Add butter to the bacon fat in the pot. When it melts, stir in the chopped onion. Cook until the onion is soft and clear, about 4-5 minutes. Then add the minced garlic and cook for another minute, until you can smell it.

3. Make the Base:

Sprinkle the flour over the onions and garlic and stir quickly to make a paste called a roux. Cook this for 2 minutes to get rid of the raw flour taste.

4. Add Broth, Potatoes, and Corn:

Slowly pour in the chicken broth while stirring to keep the mixture smooth. Stir in the diced potatoes and corn. Bring everything to a boil.

5. Simmer the Chowder:

Lower the heat to medium-low and let it simmer gently until the potatoes are tender, about 15-20 minutes.

6. Thicken the Chowder:

Partially mash the potatoes and corn using a potato masher or immersion blender. Leave some pieces whole so you get nice chunks in the chowder.

7. Add Cream and Seasonings:

Stir in the heavy cream, salt, pepper, and smoked paprika if you’re using it.
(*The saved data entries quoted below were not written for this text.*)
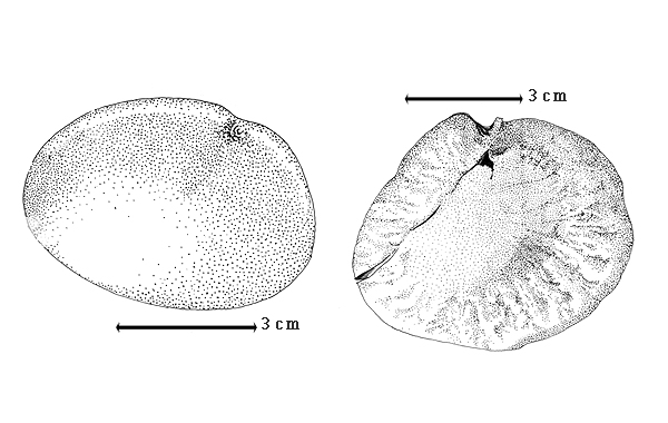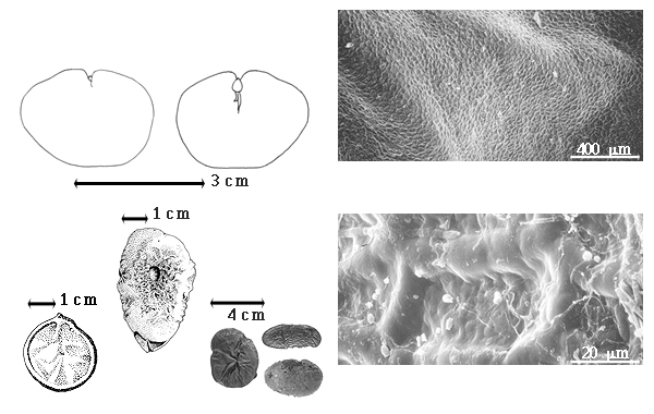 Seed: 25–70 mm long; 22–60 mm wide; 5–30 mm thick; not overgrown; not angular; symmetrical; circular to oblong, or lanceolate, or irregular; compressed; with surface smooth; without visible radicle and cotyledon lobes; without hilar sinus; without umbo on seed faces; without medial ridge on each face. Cuticle not exfoliating; not inflated; not wrinkled. Testa present; without pieces of adhering epicarp; not adhering to endocarp; free from endocarp; glossy to dull; not modified by a bloom; colored; monochrome; reddish brown; glabrous; smooth, or not smooth; with elevated features, or recessed features; rugose; pitted with small separate pits; chartaceous. Pleurogram absent. Pseudopleurogram absent. Fracture lines absent. Rim absent. Wing(s) absent. Raphe visible, or not visible (when present extending from hilum to basal lens). Hilum present; fully concealed; concealed by funicular remnant; without faboid split; larger than punctiform; 0.1–4 mm long; with curved outline; elliptic to circular; apical according to radicle tip but marginal according to seed length; flush (?); not within corona, halo, or rim. Lens discernible, or not discernible; 0.1–5 mm long; with margins curved; elliptic; not in groove of raphe; mounded; similar color as testa; darker than testa; not within corona, halo, or rim. Endosperm absent. Cotyledons smooth; both outer faces convex; both the same thickness; both more or less of equal length; not folded; margin entire 180 degrees from base of radicle; similar at apex; partially concealing radicle (only tip exposed), or completely concealing radicle; notched at radicle and split over radicle, or notched at radicle (only); with the interface division terminating at base of radicle; without margins recessed; inner face concave; glabrous on inner face. Embryonic axis straight; parallel to length of seed to perpendicular to length of seed; without a joint evident between the radicle and the cotyledons. Radicle differentiated from cotyledon; centered between cotyledons. Plumule well developed; glabrous.
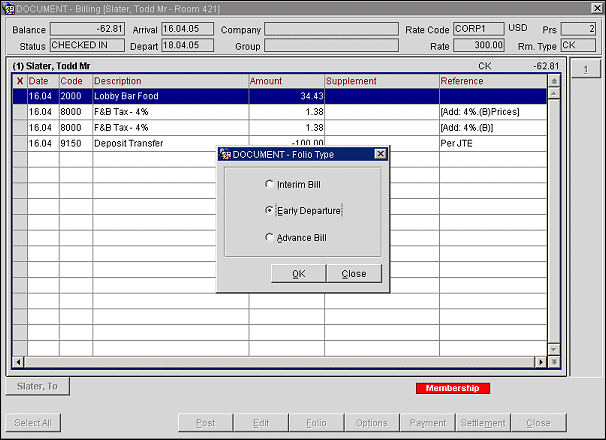Note: The Settlement Option selected by default (Interim Bill, Early Departure, or Advance FolioAdvance Bill) can be configured from the Folio Type screen name option and Settlement Type field name option in the Field and Button Default Maintenance screen.
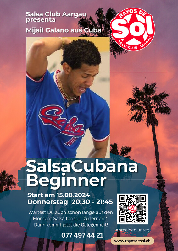 Nach einer erholsamen Sommerpause, starten wir wieder mit frischem Wind. Die Gelegenheit was neues anzureissen. Wir freuen uns auf Deine Anmeldung. Mit Tanzlehrer Mijail Galano aus Cuba. Anfänger-Kurs (ohne Vorkenntnisse) Anmelden unter www.rayosdesol.ch Salsa Club Aargau www.rayosdesol.ch
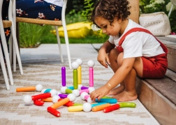 Le tout est rangé dans un conteneur robuste. Le couvercle rouge et le fond servent de plaques de base, permettant de construire directement dessus. Ce set est un excellent choix pour les familles comme pour les collectivités – crèches ou espaces de jeux.
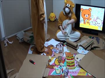 【ふぅきゃんとこなた】ダンボールでリラックマの椅子作ってみた【2】
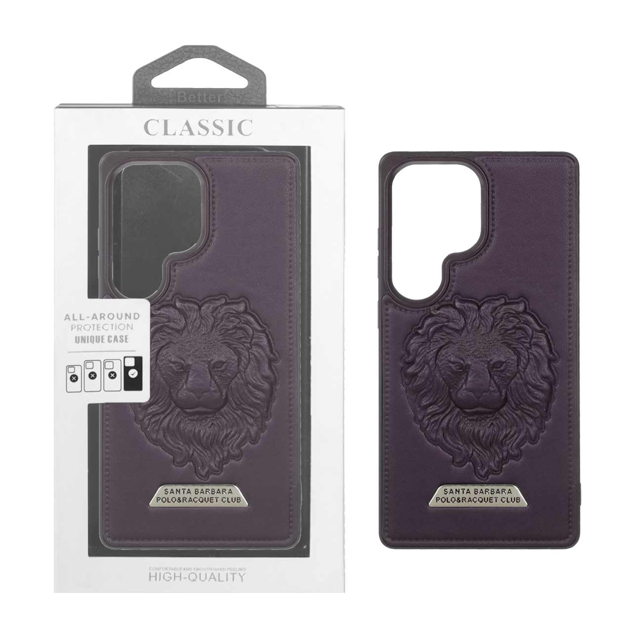 قاب اورجینال چرمی Lion برجسته Samsung Galaxy S25 Ultra – بنفش (پک دار)
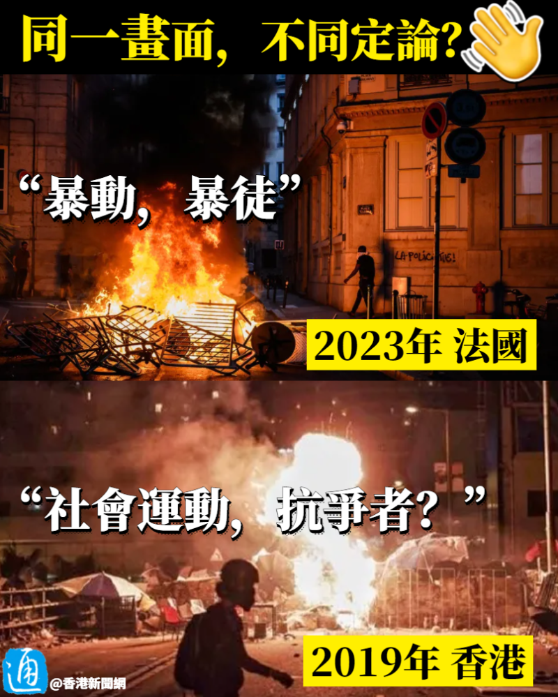 奇怪的是,同樣的事情發生在法國,就是暴動,參與者即為暴徒;而發生在香港,就被美英稱之為“社會事件”,暴徒更被美化為“抗爭者”。
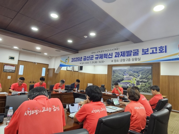 [충청뉴스큐] 금산군은 지난 29일 군청 상황실에서 규제혁신 과제발굴 보고회를 개최하고 부서별 규제개선 과제에 대해 보고 및 논의하는 시간을 가졌다.
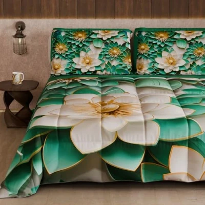 PETTI Artigiani Italiani Winter Quilt, Duvet, Double Sided Solid Colour and Digital Floral Print 05 7, 100% Microfibre, Made in Italy
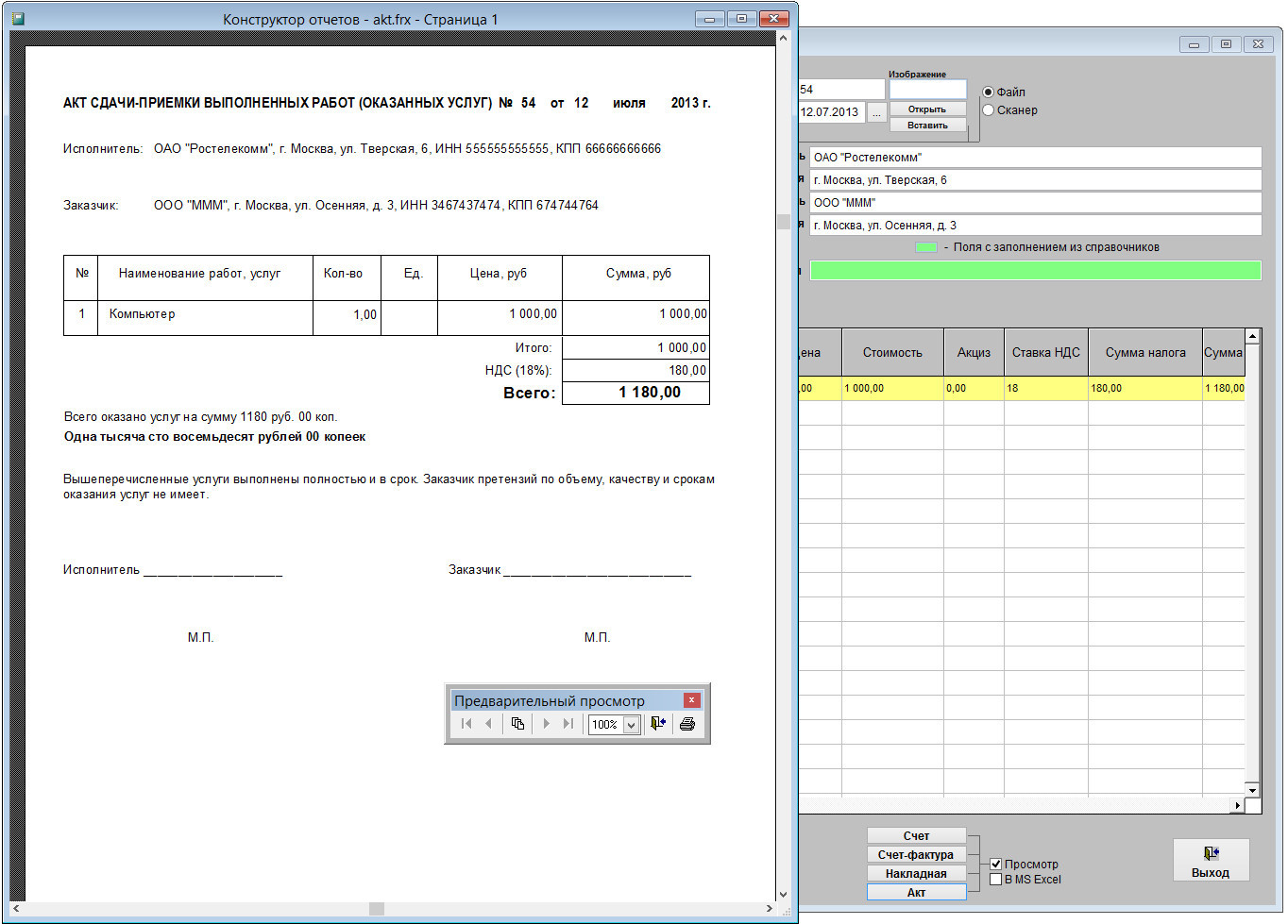 Откроется печатная форма акта. Для вывода на принтер (по умолчанию) нажмите кнопку с изображением принтера на панели "Предварительный просмотр".

Let the chowder simmer for 5 more minutes so the flavors blend together.

8. Finish and Serve:

Mix in the chopped fresh parsley, saving some to sprinkle on top. Serve the chowder hot, topped with the crispy bacon pieces and extra parsley. For a perfect meal, enjoy with crusty bread or oyster crackers for dipping.

Can I Use Frozen Corn Instead of Fresh?

Yes! Frozen corn works wonderfully and is super convenient. Just thaw it before adding to the chowder or add it directly if you don’t mind a slightly longer cooking time.

How Can I Make This Chowder Vegetarian?

Simply swap the bacon for smoked paprika or liquid smoke to keep that smoky flavor. Use vegetable broth instead of chicken broth, and skip the bacon topping or use veggie bacon.

What’s the Best Way to Store Leftovers?

Store leftover chowder in an airtight container in the fridge for up to 3 days. Reheat gently on the stove over low heat, stirring occasionally. You may want to add a splash of cream or broth if it thickens too much.

Can I Make This Ahead of Time?

Absolutely! You can prepare the chowder up to a day in advance. Reheat slowly on the stove and add the crispy bacon just before serving to keep it crunchy.